======== SUPPLIED DATA ========

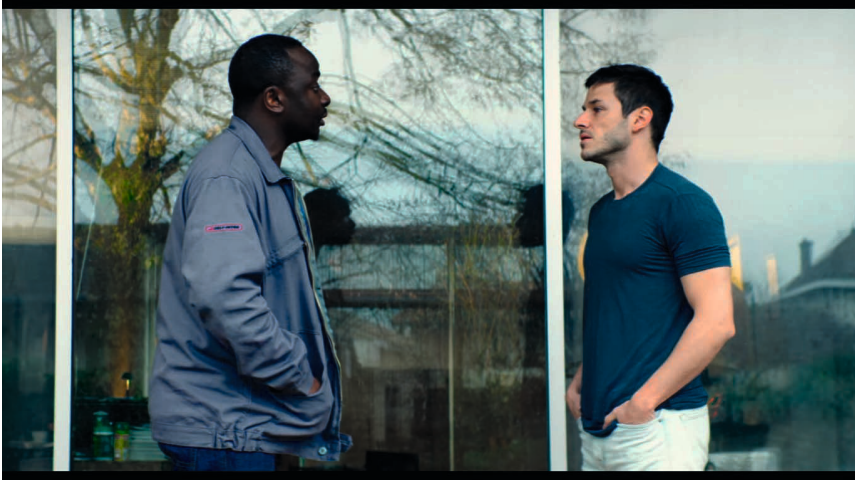
9 Il était une seconde fois (2019): The Postman and the Fourth Square.

illustrate how these narrative devices point towards the political crisis outlined above and render the social contradiction visible.
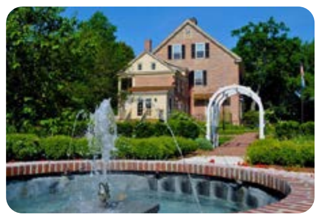
Woodburn: The Governor's House
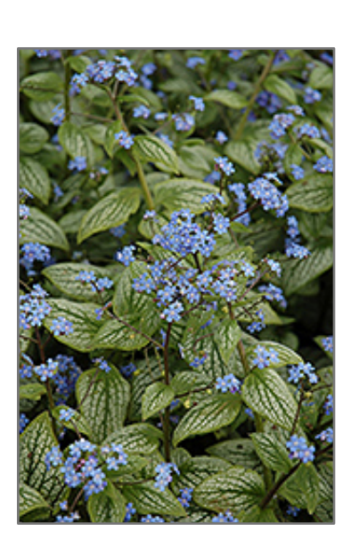
Silver Heart Bugloss flowers

Attractive, large heart shaped leaves are green veined, with silver overlay; clusters of tiny blue flowers in spring; best in moist, rich, well drained soil
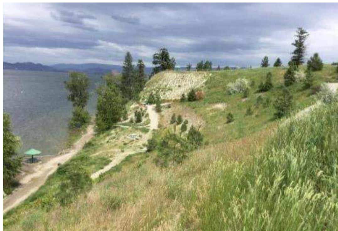
Cedar Creek Park
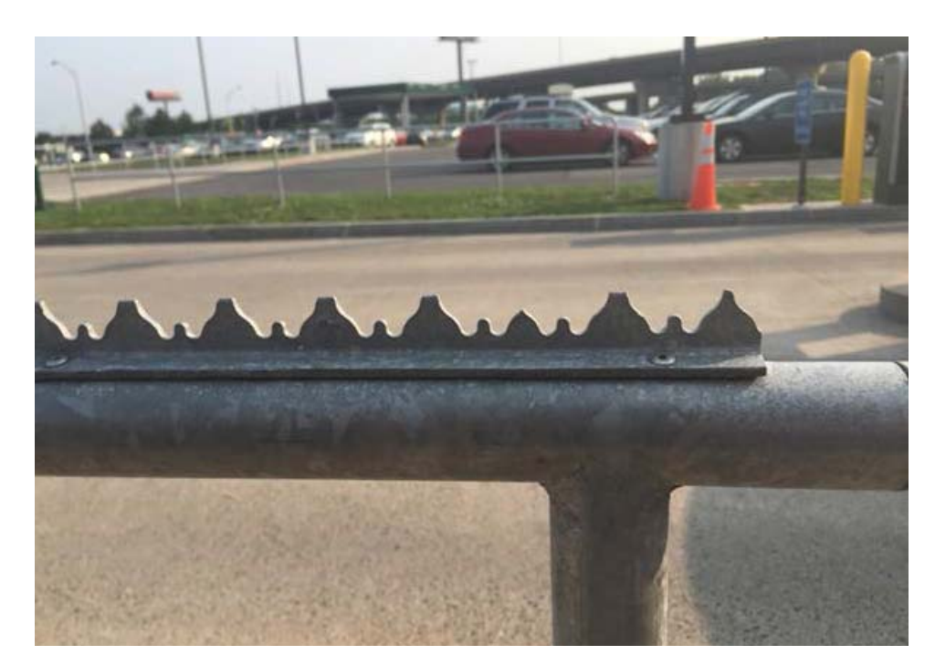
Figure 4- Anti-skate elements added to railing to deter skateboarders (Syracuse, USA).
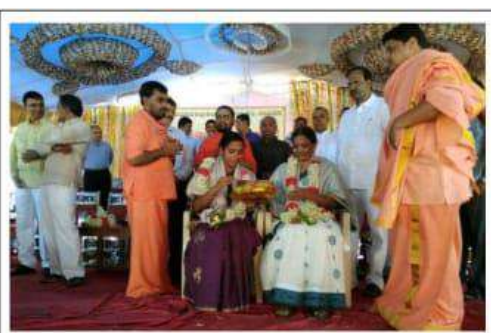
Best Co-operative Urban Bank in Vijayapura District by BDCC, Vijayapura2017

========

Each line of the data that includes "flowers" counts once; say how many there are, giving nothing but the number.

2